The Short End of the Long View

‘Financial Repression’ and 1099’s…Financial Repression is a concept that was articulated in the 1970’s but has come back into academic vogue lately. Carmen Reinhart has written a lot about it recently in the financial press. The simplified version is that it is a form of taxation forced upon savers as governments target negative real interest rates. As such, it is effectively a transfer of wealth from individual savers to the government sector as the government artificially lowers the absolute rate of interest to shore up a growing fiscal deficit.

As noted in my last post, since President Obama’s election the federal deficit is up 40% with what amounts to a zero interest rate policy. One can only imagine what that is going to look like should rates rise.
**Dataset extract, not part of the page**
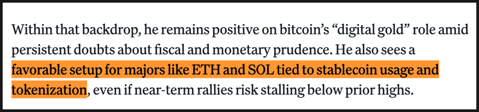 이러한 구조 속에서 알렉스 손은 특히 비트코인, 이더리움, 솔라나에 주목하고 있습니다. 비트코인은 여전히 ‘디지털 골드’라는 내러티브를 견고하게 유지하고 있습니다. 재정적자와 통화정책 불확실성이 이어지는 상황에서 비트코인은 안전자산 역할을 강화할 수 있다는 겁니다.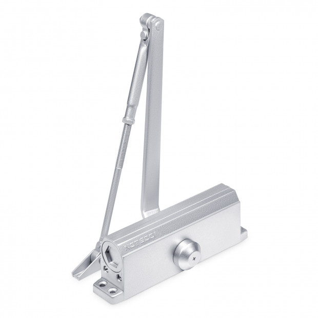 Доводчик дверной, механо-гидравлический, двухскоростной, усилие EN6, с рычажной тягой, для дверей весом до 150 кг, цвет - сереброВес дверного полотна: 150 кг

The notion of Financial Repression really hit home with me this week as I scurried around to provide information to my tax accountant. In one account with an average annual balance in the six figures, I had no 1099 form. I went to the local bank and asked if I could get a duplicate as I had misplaced the original. The banker told me that since less than $10 of interest had been paid on the account they did not have to issue a 1099!!

No wonder investors are piling into risk assets! This is one of the desired outcomes of Financial Repression as conservative investors are forced out the risk curve in search of some form of absolute return. Oh for the days of the 5% passbook account!

Japan a Year Later…  We are just crossing the one year anniversary of the tragic earthquake and tsunami that rocked Japan. The devastation was monumental as measured in human, emotional and financial terms. Japan has been caught up in a decade-plus tenure of grinding deflation. The yen has been too strong for its export business and the BOJ has been too tight in its monetary policy. The debt in Japan has made it one of the largest indebted countries on the planet. Its financial markets have been dismal.

Year to date however, Japan is tied for the best performing equity market with Brazil. The BOJ has gotten looser in its monetary positioning. Could this be the big turn in the Japanese equity markets that people have been looking for in a decade plus? Small fortunes have been lost trying to predict this turn but it may finally be different in Japan.

Japanese equities account for 10% of the world indices and active managers have been woefully underweight Japan for some time now. It could be time to dabble in Japanese equities. If the turn is here there will be a land rush by world equity managers to participate….

4 Responses to “”

  1. May 23rd, 2012 at 2:54 am   

    Deepak Bidwai says:

    Very well explained how government first decreases the return earned on liquid assets, then force to take risk and then try to tax more on the same income.